O texto recenseia um conjunto considerável de fontes muito atualizadas, convocando não a antropologia, mas, igualmente, áreas das ciências naturais que nos permitem conhecer muito pormenorizadamente a biodiversidade do PNGN. Do ponto de vista metodológico, os treze meses intervalados de trabalho de campo, entre 2005-2008, permitiram ao investigador uma metodologia circular, como o próprio denomina, facilitando intercalar e complementar revisões bibliográficas com novos dados, que correspondiam à própria necessidade de captar uma realidade dinâmica e em transformação constante. Esta é também uma etnografia multilocal (com base em três núcleos populacionais) que visa igualmente o conhecimento e reconhecimento de diferentes atores, grupos e atividades/ práticas que se desenvolvem no PNGN (diferentes tipos de turismo, agricultura, pastorícia). Esta abrangência é reconhecida, ainda, na atenção às diferentes formas como as populações humanas foram apropriando os espaços e os seus recursos ao longo do tempo, processo que culmina presentemente num relativo abandono de áreas anteriormente exploradas para fins agropastoris, paralelamente à reinvenção turística das mesmas.

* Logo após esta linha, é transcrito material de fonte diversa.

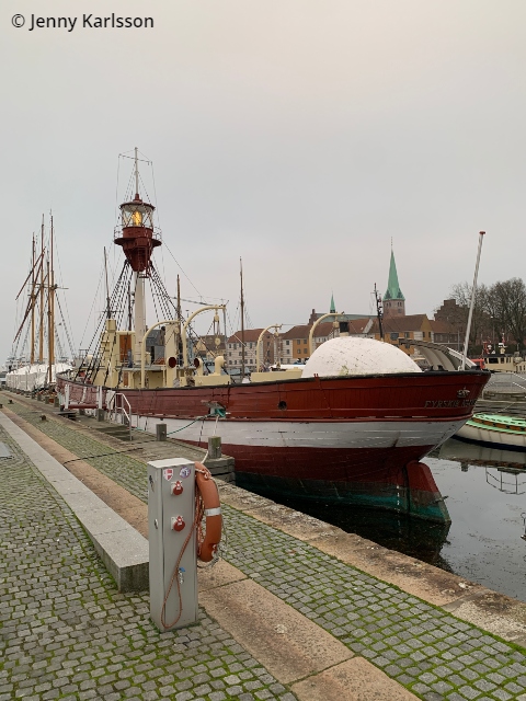 ”Gedser rev” som sedan 2018 ligger i kulturhamnen i Helsingör, har tjänstgjort i danska farvatten som Fyrskib No. XVII. Det saknade motor och släpades på plats.

Em suma, o livro contribui para a necessária desconstrução de consensos sobre áreas protegidas, em particular aqueles produzidos por discursos ambientalistas oriundos da biologia, que tendem a negligenciar o papel ativo e produtor dos humanos na natureza e na paisagem ' as abordagens biocêntricas/ecocêntricas. É de destacar, neste sentido, uma perspetiva que faz reconhecer o caráter transformativo e dinâmico do território ' os espaços têm história ' e dos agentes sociais envolvidos. O livro revela-se, assim, como um contributo relevante para a antropologia ambiental e o estudo das áreas protegidas (abordando um contexto europeu que, de alguma forma, tem sido esquecido), podendo ser igualmente apreciado pelos conhecimentos gerados na ótica dos gestores e stakeholders do PNGN na Andaluzia; importa, neste sentido, valorizar a sua dimensão de aplicabilidade e transdisciplinaridade (em especial, na receção e difusão), servindo o propósito de, através de uma abordagem etnográfica, fazer redescobrir diversidades e pluralidades de pontos de vista que desde a ordem normativa se afiguram inacessíveis. No âmbito dos estudos sobre relações entre indivíduos humanos e indivíduos não humanos, as perspetivas antropológicas são, cada vez mais, necessárias como forma de reconhecer a inevitável humanidade da wilderness das áreas protegidas.